Par notification du 7 avril 2021, la [6] ([7]) de Côte-d’Or a pris en charge l’accident au titre de la législation professionnelle.
Aux termes d’un certificat médical du 2 juillet 2021, le docteur [B] [Z] a déclaré une nouvelle lésion, à savoir, un syndrome dépressif réactionnel.
Par notification du 3 septembre 2021, l’organisme social a informé l’assurée de la prise en charge de cette lésion au titre de l’accident du 22 janvier 2021.
L’état de santé de l’assurée a été déclaré consolidé à la date du 2 juillet 2023, avec un taux d’incapacité permanente partielle de 12 %.
Par courrier du 20 juillet 2023, la [Adresse 8] a informé Madame [Y] [W] de l’interruption du versement des indemnités journalières à compter du 3 juillet 2023.
Saisie de la contestation de cette décision, la commission de recours amiable ne s’est pas prononcée dans le délai imparti.
Par courrier recommandé du 27 janvier 2024, Madame [Y] [W] a saisi le pôle social du tribunal judiciaire de Dijon d’un recours aux fins d’annulation de la notification du 20 juillet 2023.
L’affaire a été retenue à l’audience du 24 septembre 2024.
A cette occasion, Madame [Y] [W], comparant en personne, a demandé au tribunal d’ordonner l’indemnisation des arrêts de travail prescrits au-delà du 3 juillet 2023 au titre du risque maladie.

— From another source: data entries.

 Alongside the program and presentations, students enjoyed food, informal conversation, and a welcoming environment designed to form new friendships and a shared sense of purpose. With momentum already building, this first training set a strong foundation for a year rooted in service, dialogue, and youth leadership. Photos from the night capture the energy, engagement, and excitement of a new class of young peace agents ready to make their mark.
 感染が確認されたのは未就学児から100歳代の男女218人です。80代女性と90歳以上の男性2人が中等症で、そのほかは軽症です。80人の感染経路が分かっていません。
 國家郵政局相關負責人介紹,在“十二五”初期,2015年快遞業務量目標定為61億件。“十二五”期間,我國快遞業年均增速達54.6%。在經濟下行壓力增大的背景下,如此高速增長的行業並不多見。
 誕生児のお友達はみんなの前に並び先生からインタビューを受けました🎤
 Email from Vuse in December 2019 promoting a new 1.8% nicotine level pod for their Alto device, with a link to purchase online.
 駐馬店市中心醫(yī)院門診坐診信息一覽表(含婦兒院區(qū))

La requérante indique ne pas contester le bien-fondé de la date de consolidation retenue par le médecin-conseil. Elle précise toutefois que son médecin-traitant a prolongé son arrêt de travail, en maladie, après le 2 juillet 2023 pour lui laisser le temps de trouver une solution pour pouvoir retrouver du travail. Elle indique que l’arrêt de travail a ainsi été prolongé pendant une durée totale de 4 à 5 mois, période pendant laquelle elle ne disposait d’aucun revenu. Elle ajoute qu’à l’issue de l’arrêt de travail, elle s’est inscrite à [12] et a pu percevoir des allocations chômage.

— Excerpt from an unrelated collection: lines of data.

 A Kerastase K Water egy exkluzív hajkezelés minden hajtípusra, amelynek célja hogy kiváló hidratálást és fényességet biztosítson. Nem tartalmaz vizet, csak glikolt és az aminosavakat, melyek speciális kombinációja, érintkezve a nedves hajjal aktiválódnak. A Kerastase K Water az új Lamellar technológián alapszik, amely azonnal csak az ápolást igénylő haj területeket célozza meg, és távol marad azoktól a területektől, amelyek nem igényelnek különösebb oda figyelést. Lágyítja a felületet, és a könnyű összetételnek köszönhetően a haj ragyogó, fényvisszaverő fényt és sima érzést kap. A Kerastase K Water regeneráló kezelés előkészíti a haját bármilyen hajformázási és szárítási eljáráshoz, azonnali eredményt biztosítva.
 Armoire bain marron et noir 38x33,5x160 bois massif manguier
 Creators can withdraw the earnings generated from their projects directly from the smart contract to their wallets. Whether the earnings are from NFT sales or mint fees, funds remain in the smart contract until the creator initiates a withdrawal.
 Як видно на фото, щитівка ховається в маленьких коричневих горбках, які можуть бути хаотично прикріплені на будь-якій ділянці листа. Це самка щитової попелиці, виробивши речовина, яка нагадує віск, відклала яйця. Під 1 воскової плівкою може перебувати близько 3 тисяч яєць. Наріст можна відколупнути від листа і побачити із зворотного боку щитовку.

La requérante soutient en outre avoir contacté la caisse suite à la réception de la notification d’interruption des indemnités journalières, et affirme que les agents de l’organisme social lui ont conseillé de continuer à solliciter la prolongation de son arrêt jusqu’à ce que la commission de recours amiable se prononce sur sa demande.

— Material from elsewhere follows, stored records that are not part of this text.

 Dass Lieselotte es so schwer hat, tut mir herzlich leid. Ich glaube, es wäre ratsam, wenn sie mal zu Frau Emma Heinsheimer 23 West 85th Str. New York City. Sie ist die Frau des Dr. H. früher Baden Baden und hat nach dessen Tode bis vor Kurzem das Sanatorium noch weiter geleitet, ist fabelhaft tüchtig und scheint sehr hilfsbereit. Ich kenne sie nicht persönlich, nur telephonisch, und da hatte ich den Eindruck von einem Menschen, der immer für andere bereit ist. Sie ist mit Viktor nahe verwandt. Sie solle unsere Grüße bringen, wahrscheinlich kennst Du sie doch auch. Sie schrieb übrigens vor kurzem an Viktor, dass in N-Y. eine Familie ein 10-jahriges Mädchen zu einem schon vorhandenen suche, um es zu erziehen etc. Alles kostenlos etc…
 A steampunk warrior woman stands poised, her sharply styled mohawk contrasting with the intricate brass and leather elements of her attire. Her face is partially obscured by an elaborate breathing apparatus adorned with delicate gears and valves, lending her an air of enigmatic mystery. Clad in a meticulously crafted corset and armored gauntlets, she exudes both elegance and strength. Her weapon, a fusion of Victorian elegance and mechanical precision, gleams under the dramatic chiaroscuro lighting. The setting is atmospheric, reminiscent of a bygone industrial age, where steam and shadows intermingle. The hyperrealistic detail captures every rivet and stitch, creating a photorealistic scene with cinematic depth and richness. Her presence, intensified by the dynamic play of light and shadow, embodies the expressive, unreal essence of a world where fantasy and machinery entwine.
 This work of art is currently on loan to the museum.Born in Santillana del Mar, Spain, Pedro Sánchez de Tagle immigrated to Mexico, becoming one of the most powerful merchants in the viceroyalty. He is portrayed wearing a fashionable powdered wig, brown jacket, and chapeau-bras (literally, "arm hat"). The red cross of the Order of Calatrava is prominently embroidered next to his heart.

La [Adresse 8], représentée, a sollicité la confirmation de la notification du 23 juillet 2023 et la condamnation de la requérante aux dépens.
A l’appui de ses demandes, la caisse expose que l’assurée, destinataire d’un courrier l’informant de la consolidation de son état de santé à la date du 2 juillet 2023, n’a pas contesté cette décision. Elle rappelle qu’en vertu de l’article L.433-1 alinéa 2 du code de la sécurité sociale, le versement de l’indemnité journalière au titre du risque accident du travail intervient à partir du premier jour qui suit l’arrêt de travail et jusqu’à la date de consolidation.
Elle fait observer en outre que l’assurée n’est pas fondée à solliciter l’indemnisation de l’arrêt de travail, prescrit au titre des lésions résultant de l’accident du travail, en maladie.
Elle ajoute que l’existence de séquelles n’est pas non plus de nature à justifier une telle prise en charge, dès lors que celles-ci sont indemnisées par la rente.
MOTIFS DE LA DECISION :
Sur la recevabilité :
Attendu que le recours a été introduit dans les formes et délais prévus par les articles R.142-1, R.142-1-A et R.142-10-1 du code de la sécurité sociale.
Que celui-ci doit dès lors être déclaré recevable.
Sur le fond :
Attendu que selon l’article L.433-1 alinéa 2 du code de la sécurité sociale, dans sa version applicable au litige, l’arrêt de travail résultant d’un accident du travail ou d’une maladie professionnelle est indemnisée par le versement d’indemnités journalières, à partir du premier jour qui suit l’arrêt de travail, pendant toute la période d’incapacité de travail qui précède soit la guérison complète, soit la consolidation.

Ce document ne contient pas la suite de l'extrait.